Pego meu prato e vou pro sub solo, arrasto uma cadeira para uma espécie de calabouço com vista para o céu laranja de Londres. Apenas uma fresta de céu, felizmente vejo o céu sem grades, o que já é um alívio. Felizmente, daqui a mais 3 horas e meia estarei pedalando de novo com destino à casa de meus amigos queridos que me convidaram para uma festa de squatters e que eu não vou perder de jeito nenhum. Vamos lá, Luciola, voltamos ao tema principal da noite, positive vibration, minha irmã. Você não veio de tão longe para ficar aqui chorando nos fundos do sub-solo do restaurante, justamente ao lado do muro do cemitério de Covent Garden. Lembra-se do filme aquele onde os mortos falam Carpe Diem, Carpe Diem. Aproveite o Dia, Positive Vibration. Nos cinco últimos minutos da minha pausa, aparece o Bantô. Ele é como um bruxo, nascido em Burkina Fasso, tem nas bochechas dois cortes verticais e um perto das têmporas. É bonito e quase não fala inglês. Ele senta-se mudo a meu lado e nota que estou prestes a chorar. Não fala uma palavra, me olha com seus olhos gigantes e pisca devagar. Vou me acalmando. Bantô olha para a fresta de céu também. Respira o ar frio da rua e aperta o cachecol de lã que a mulher dele tricotou. Olho para o céu de novo e são tantas lâmpadas refletidas e tantas núvens paradas umas sobre as outras que não consigo pensar em outra coisa a não ser na impossibilidade de sair voando. O barulho de algo que acaba de quebrar na cozinha me chama de volta para a realidade do restaurante. Deixo Bantô sozinho do lado de fora e volto para o calor e para os cheiros do salão repleto de mesas e cadeiras ocupadas.
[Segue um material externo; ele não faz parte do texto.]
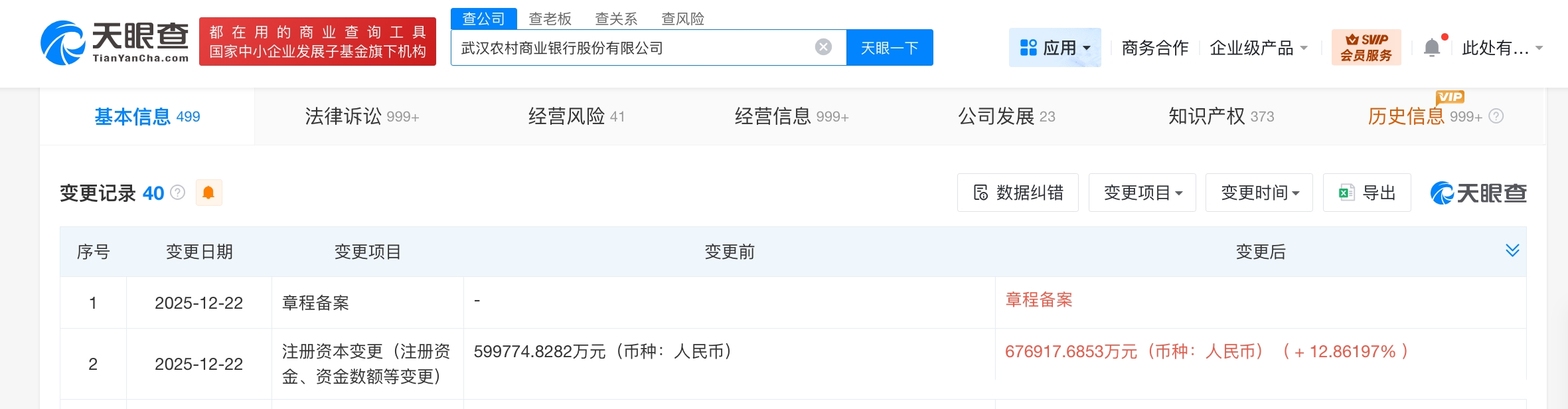 天眼查App显示,近日,武汉农村商业银行股份有限公司发生工商变更,注册资本由约59.98亿人民币增至约67.7亿人民币,增幅约13%。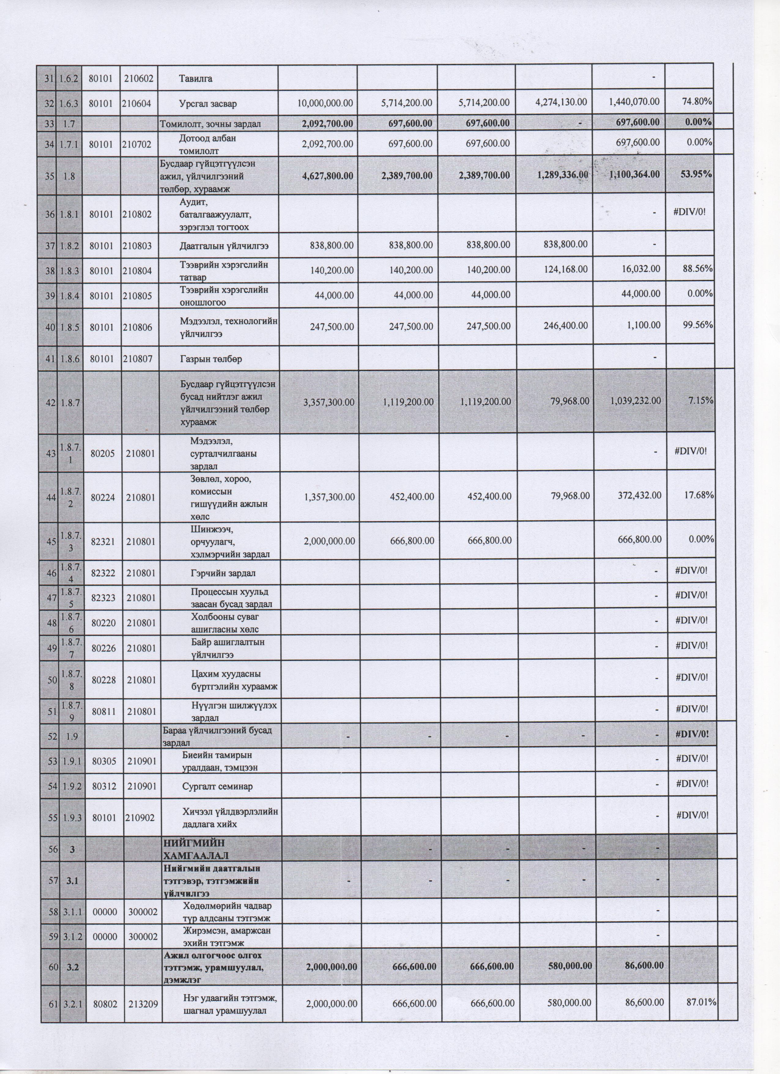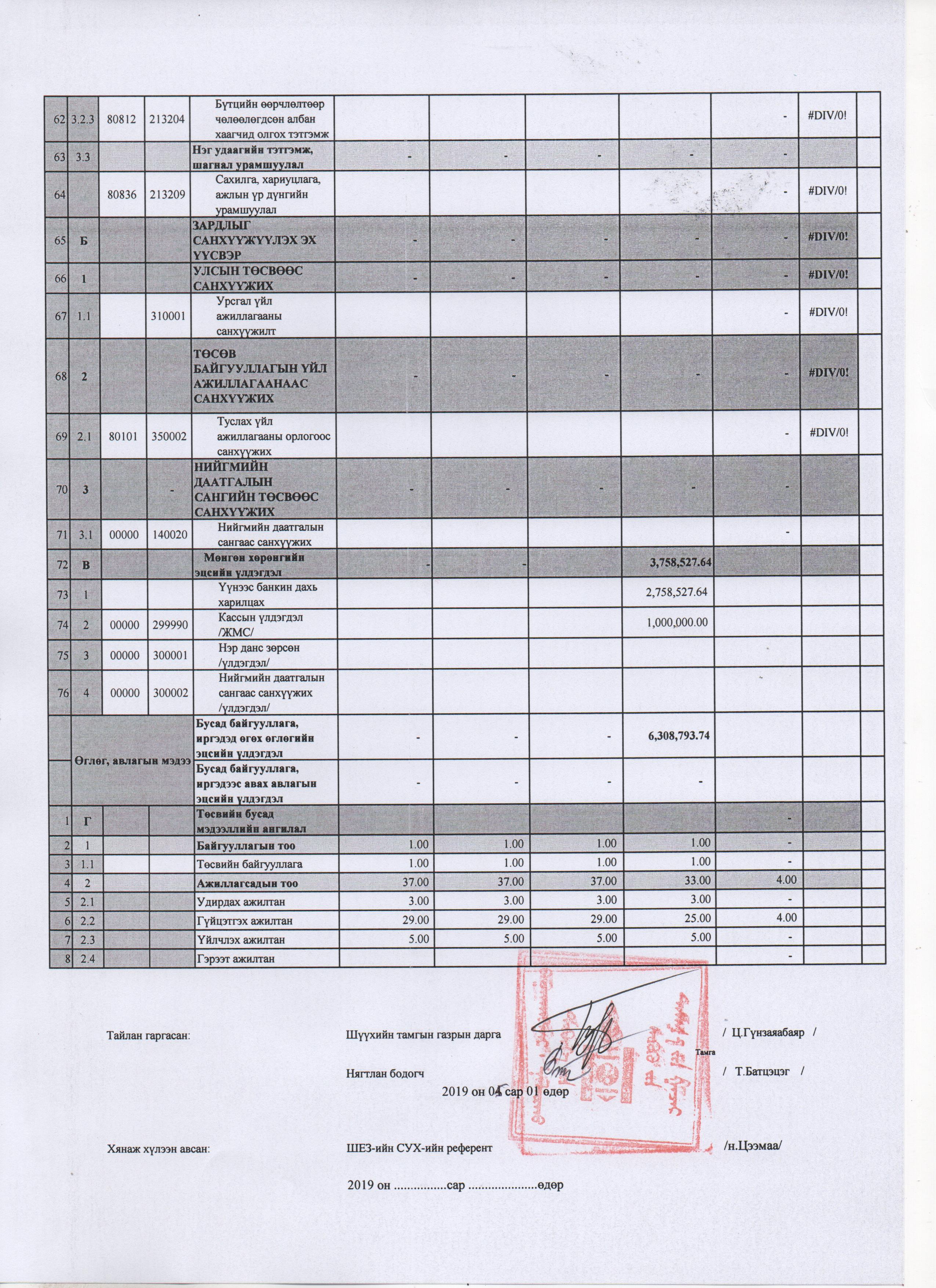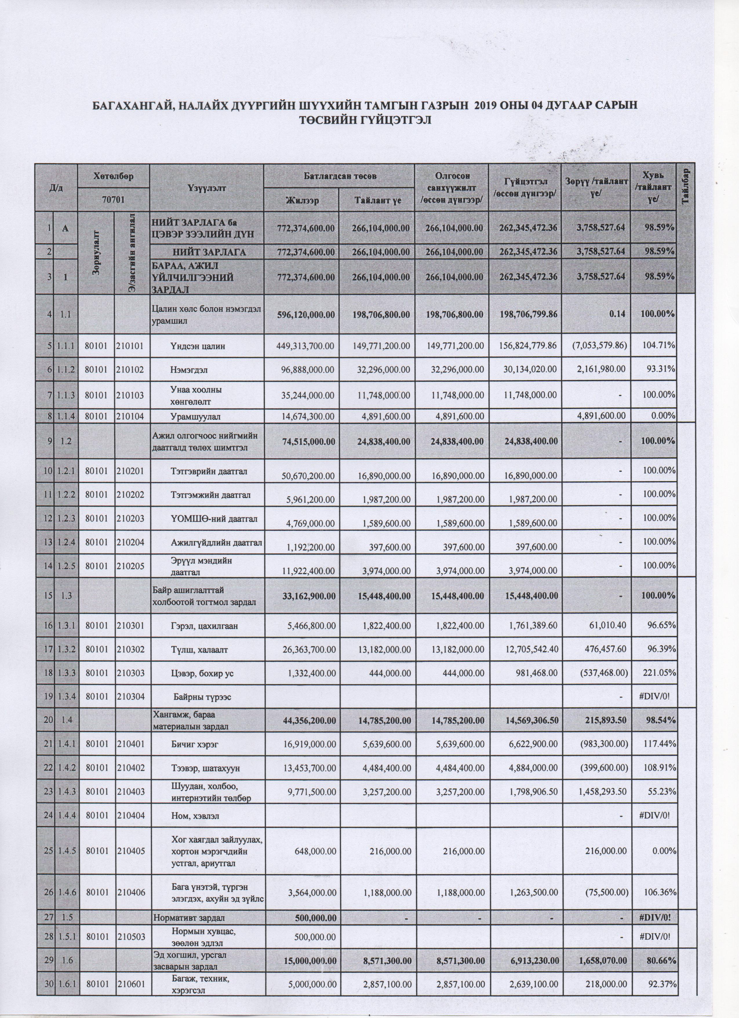 2019 оны 04 дүгээр сарын төсвийн гүйцэтгэл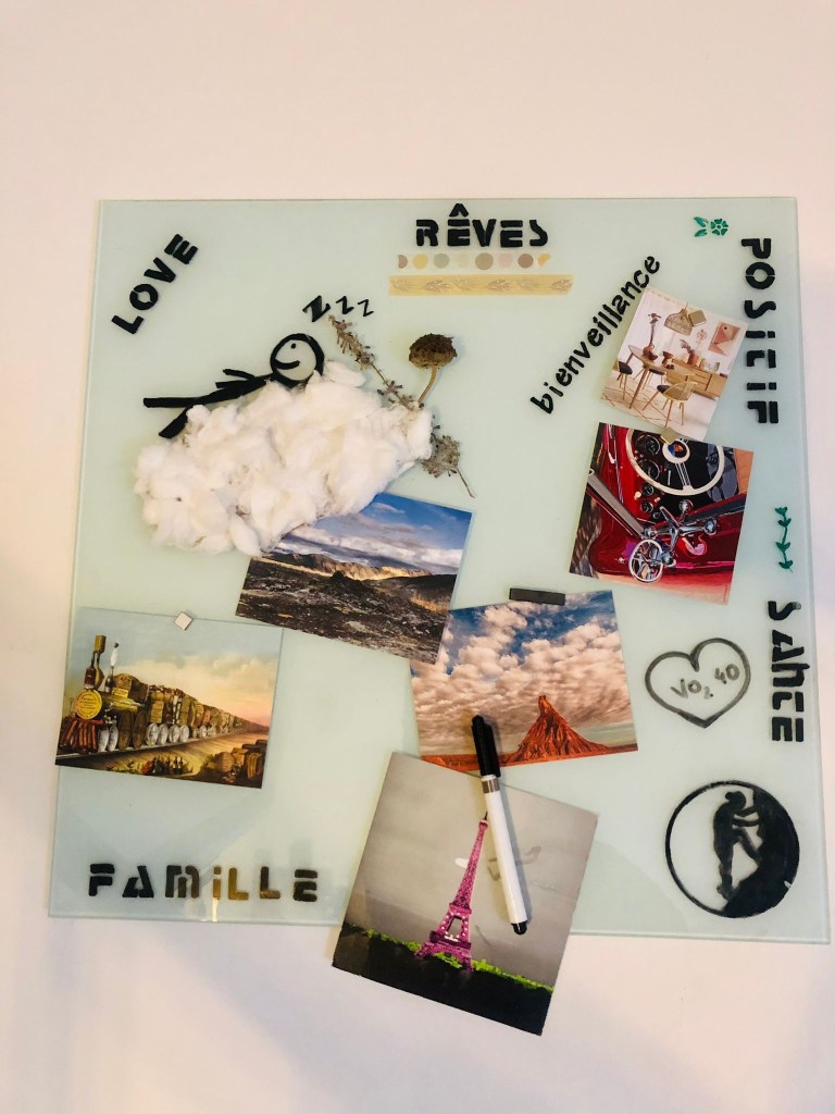 Le principe de ce tableau est de mettre en image pour visualiser vos rêves. Il y a de la place pour tout ceux de la famille. On part du principe de la loi de l’attraction. Le positif attire le positif, le visualiser en fait partie. Certains disent même qu’il a le pouvoir magique de les faire réaliser. On l’appelle aussi le ”vision board”. Osez y mettre tout vos rêves, vos objectifs et vos envies ! Le meilleur moyen pour exprimer ses objectifs, c’est de les visualiser !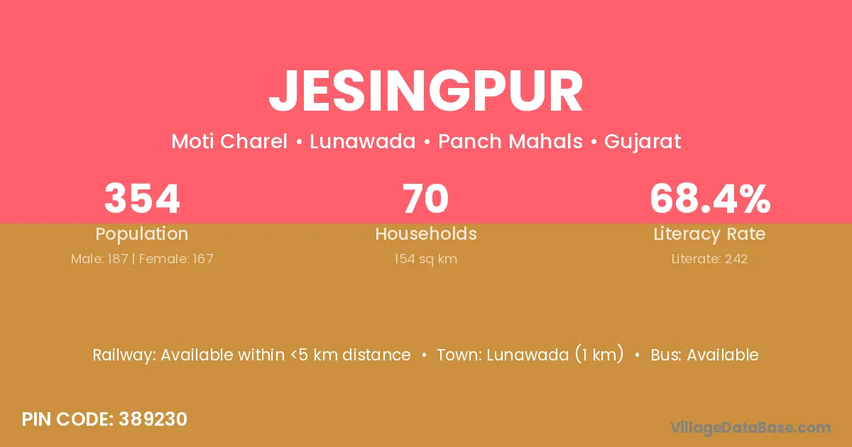 Lunawada (1 km) is the nearest town to Jesingpur village for major economic activities and is located approximately 1 km away.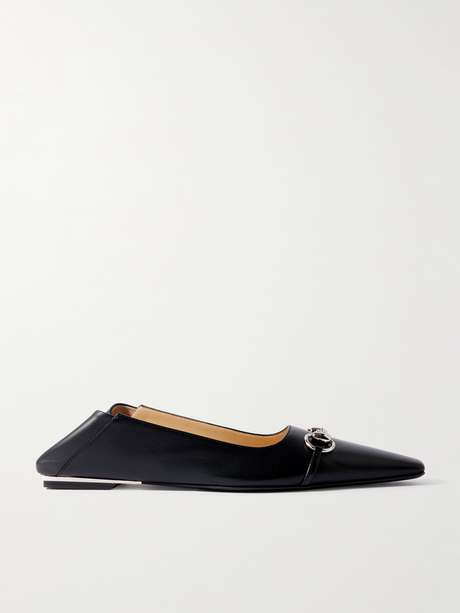 GUCCI Vittoria collapsible-heel horsebit-embellished leather ballet flats

Vou direto para a cozinha saber como estão os pedidos e se está mais ‘busy’ no andar de cima ou no sub-solo. Volto para minhas mesas, tem um casal novo que parece estar em lua de mel. Ótimo, casais apaixonados são generosos em gorjetas. Ofereço um Chianti e eles aceitam. Simon também observa o casal e resolve atender a mesa. Trago a garrafa e as taças para sacar a rolha na mesa, mas Simon me pára no caminho e diz que ele mesmo vai abrir a garrafa. Quero matar o imbecil, porque ele vai fazer isso para ficar com a minha gorjeta. Tudo bem, positive, vou manter a calma. Ele faz toda uma encenação, serve primeiro a taça da mulher, espera que ela prove o vinho, pisca para o homem, ela sorri. Ele enche também a taça Bordeaux do homem que a essa altura já pretende se livrar do Simon e pega na mão da mulher antes de brindar. Simon finalmente anota o pedido deles, salada Caesar, bruschetta e risoto de funghi. O cretino passa por mim sem me encarar. Ele larga o papel do bloco com uns garranchos indecifráveis em cima da caixa, isso quer dizer que eu ainda por cima terei de passar o pedido para a registradora e checar na cozinha se está tudo ok.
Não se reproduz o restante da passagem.